WHAT IS REQUIRED:
Without copying any pictures, restate exactly the lines from the start of the records through the line containing "Retro gulvlampe av".

EXERCISE MATERIALS:

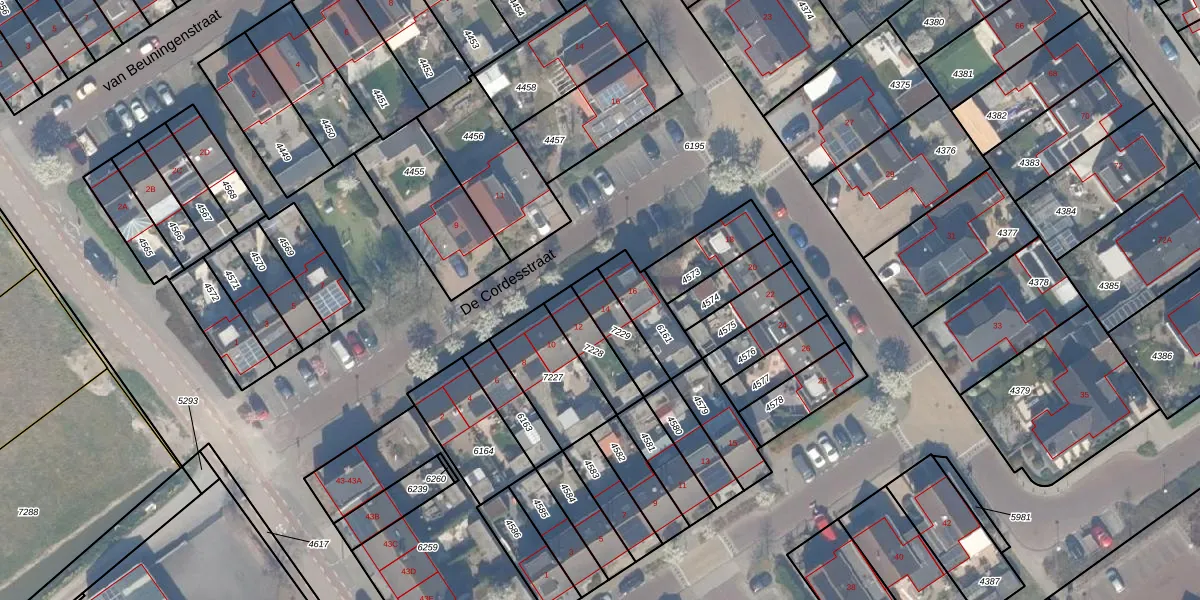De Cordesstraat 14 is gelegen op kadastraal perceel NWK01F7229. Deze kadastrale aanduiding is uniek en wordt gebruikt door het Kadaster om eigendomsrechten en andere zakelijke rechten vast te leggen. Het perceel maakt onderdeel uit van de kadastrale gemeente Naaldwijk.
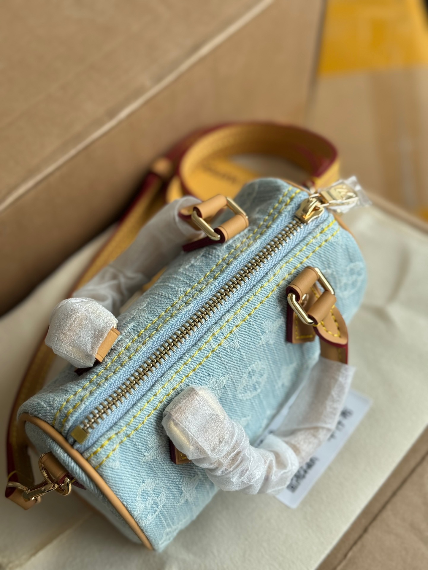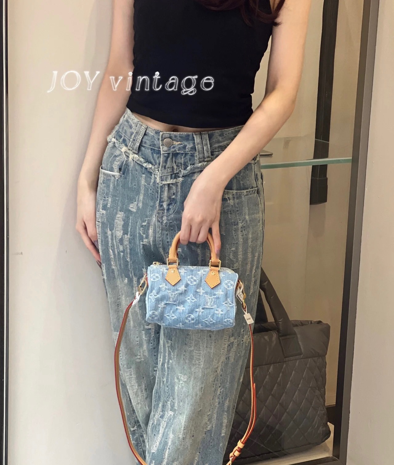 丹宁浅色牛仔不是废包可以放下手机 肩带可以调节 并且可以拆卸 上身真香即保留了的可爱 又实现了非常可观的容量
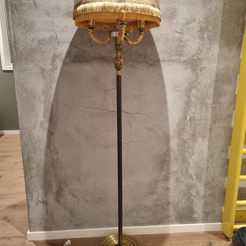 Retro gulvlampe av ukjent designer. Gir et fint og varmt lys i lesehjørnet! Høyde: 170 cm
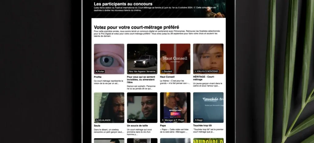 Dans le cadre d’une collaboration continue avec IPLN, nous avons eu l’opportunité de développer un site web pour le concours de courts métrages du festival Filmoramax. Ce projet ambitieux, entièrement réalisé en Symfony, visait à permettre aux cinéphiles et clients d’IPLN de voter pour leurs films préférés parmi une sélection de courts métrages. Nous avons créé un site sur mesure, intégrant un backoffice puissant pour gérer les vidéos et suivre les statistiques de vote. La direction artistique, inspirée par l’univers du cinéma, a mis l’accent sur un design épuré et sombre, tout en adoptant une approche mobile first pour assurer une expérience utilisateur optimale sur tous les appareils.
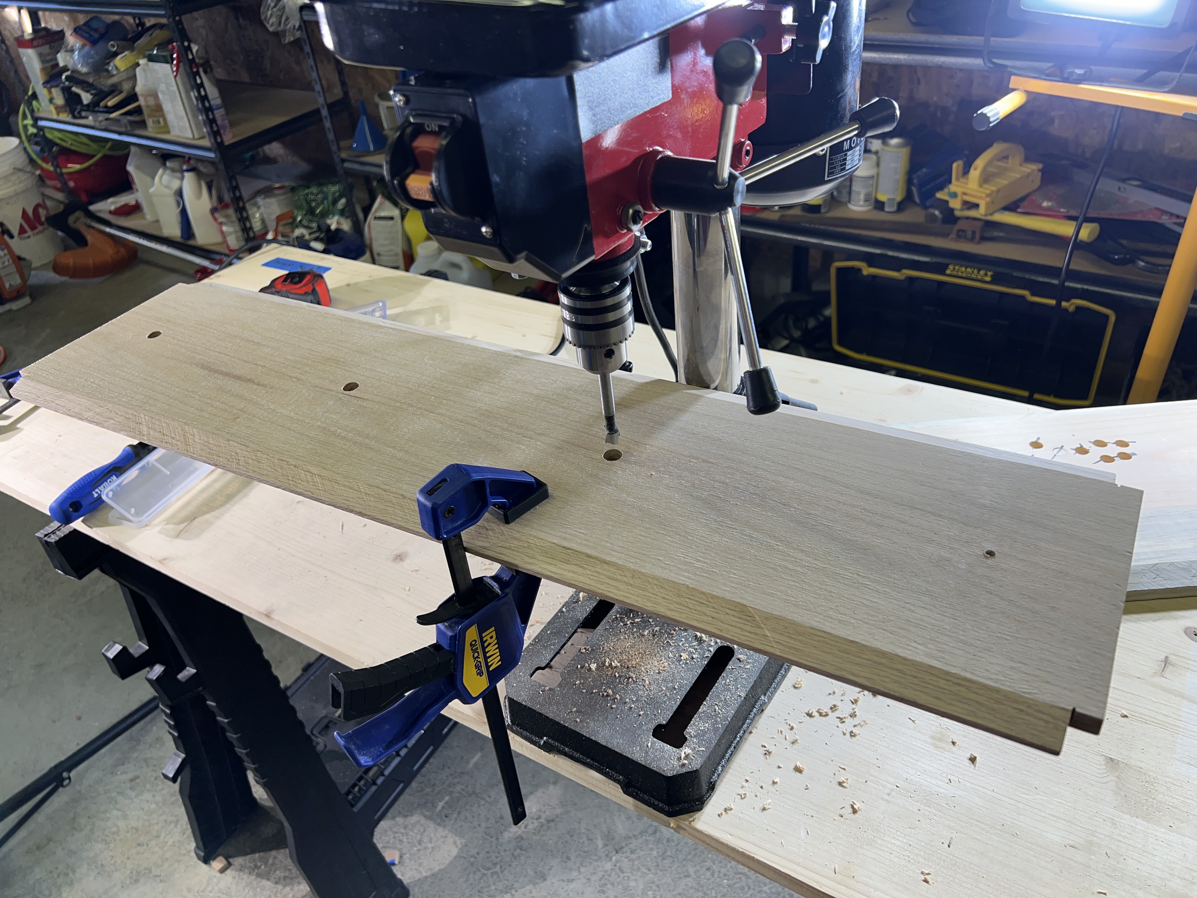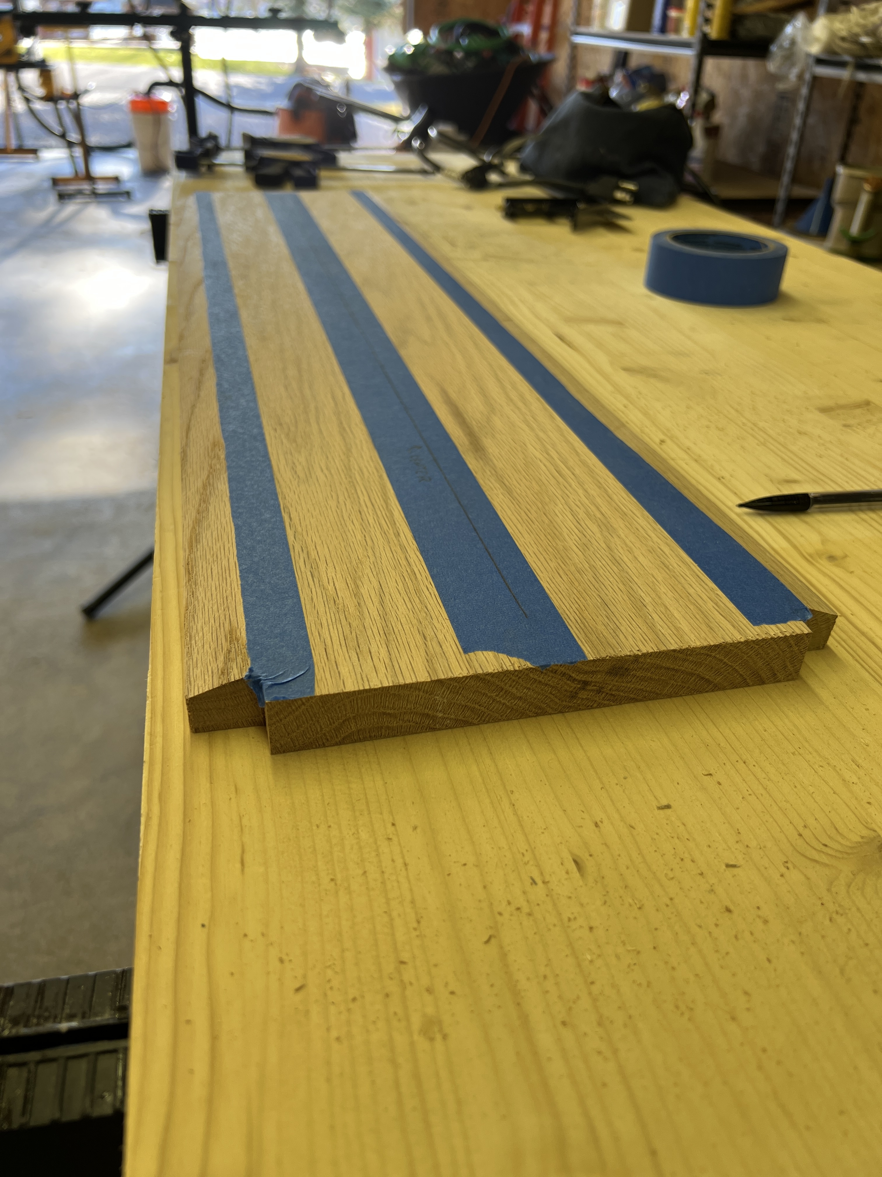 Today I built a threshold for the cellar door. Started with an oak 1×10, then I ripped to width, cut to length, notched the corners (for door trim), beveled the top edges, and cut rabbets to accommodate flooring.
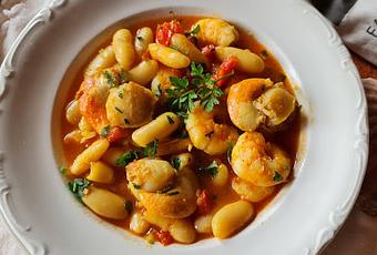 Por aquí estos días, está ya un tiempito para platos de cuchara y cosas calentitas; no es que haga mucho frío todavía, pero la lluvia y la humedad invitan a calentar el cuerpo, y las previsiones para los próximos días no son buenas, así que hay que combatirlo conveniente. En casa lo hemos hecho con una fabas de Lourenzá, unas legumbres autóctonas que son una verdadera delicia; y para darle un aire festivo le añadí langostinos y vieiras. El resultado no podía ser mejor, resulto un plato exquisito del que disfrutamos una barbaridad.
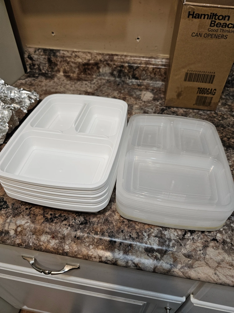 Selling a stack of food containers. They are white and have three compartments. Perfect for meal prepping or storing leftovers!
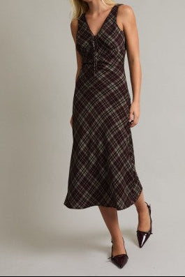 Effortlessly elegant, this sleeveless midi dress features a timeless burgundy-taupe check pattern that transitions beautifully from day to evening. Delicate lace trim adds a touch of refined femininity to the neckline and hem, while the bias cut flatters your silhouette with graceful movement. Perfect for those moments when you want to feel polished and put-together without compromising on comfort. A versatile wardrobe essential that celebrates your individual style.

SOLUTION TO THIS TASK:
De Cordesstraat 14 is gelegen op kadastraal perceel NWK01F7229. Deze kadastrale aanduiding is uniek en wordt gebruikt door het Kadaster om eigendomsrechten en andere zakelijke rechten vast te leggen. Het perceel maakt onderdeel uit van de kadastrale gemeente Naaldwijk.
 丹宁浅色牛仔不是废包可以放下手机 肩带可以调节 并且可以拆卸 上身真香即保留了的可爱 又实现了非常可观的容量
 Retro gulvlampe av ukjent designer. Gir et fint og varmt lys i lesehjørnet! Høyde: 170 cm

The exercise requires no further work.